Prefrontal cortex abnormalities are associated with a greater risk of developing substance use disorders, possibly involving changes in motivational responses to addictive drugs. Clinical studies demonstrate an association of traumatic brain injury, often involving the prefrontal cortex, with heightened substance use disorder comorbidity and suggest that the onset of either of these factors alone increases risk for the other
(91–
93). Functional or anatomical abnormalities of the prefrontal cortex of nonspecific etiology are also commonly identified in populations with substance use disorders
(94–
97).

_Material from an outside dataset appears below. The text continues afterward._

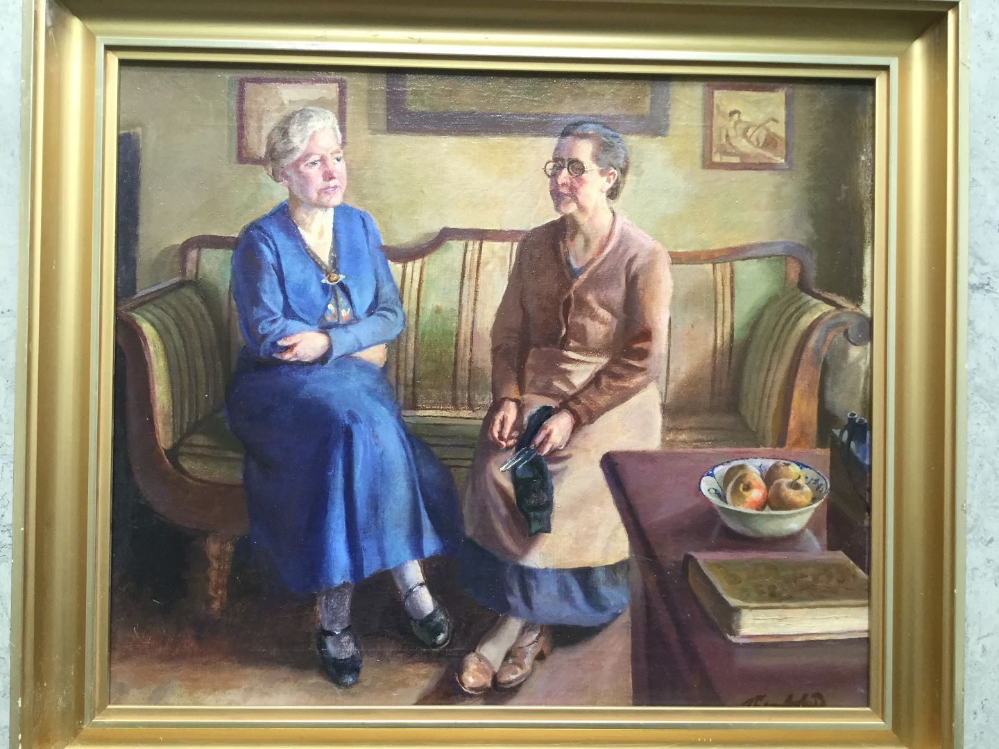 Maleri af Johannes Lembcke Jensen - 2 kvinder i sofa.

Corresponding to these clinical observations, prefrontal cortex lesions in rats can augment the reinforcing efficacy of cocaine during self-administration
(98,
99).
Investigations of corticostriatal interactions suggest a mechanism for prefrontal cortex dysfunction, producing both impulsivity and greater risk for substance use disorders. Excitatory glutamatergic projections from the prefrontal cortex to the nucleus accumbens and ventral tegmental area influence dopamine release, neuronal firing, and neuroplastic processes in the nucleus accumbens
(39,
100,
101). These anatomical and functional linkages suggest that the prefrontal cortex is involved in the representation, execution, and inhibition of motivational drives by influencing patterns of neural ensemble firing in the nucleus accumbens. Compromise of the prefrontal cortex or its inputs to the nucleus accumbens could 1) alter the variety of representations of motivational drive options in the nucleus accumbens, 2) alter the response patterns across nucleus accumbens neuronal ensembles to the “go” signal provided by dopamine influx, resulting in greater probability of enactment of particular motivated drives, and/or 3) impair neuroplastic processes in the nucleus accumbens that would normally decrease the strength of motivated drives deemed inappropriate by prior experience. Poor prefrontal cortex function, regardless of the specific pathology, could increase the probability of performing inappropriate motivated drives viewed clinically as impulsive. Similarly, prefrontal cortex dysfunction may result in 1) preferential motivational responding to directly encoded rewards provided by the prodopamine effects of drugs and/or 2) an unchecked progression of neuroadaptive effects of drugs underlying motivational sensitization and a switch to compulsive drug seeking
(102,
103). As such, relative impairment of inhibitory motivational systems in the setting of robust promotional motivation systems activity would commonly increase impulsivity and the risk of substance use disorders. Neurodevelopmental changes during adolescence leading to these conditions could generate heightened addiction vulnerability.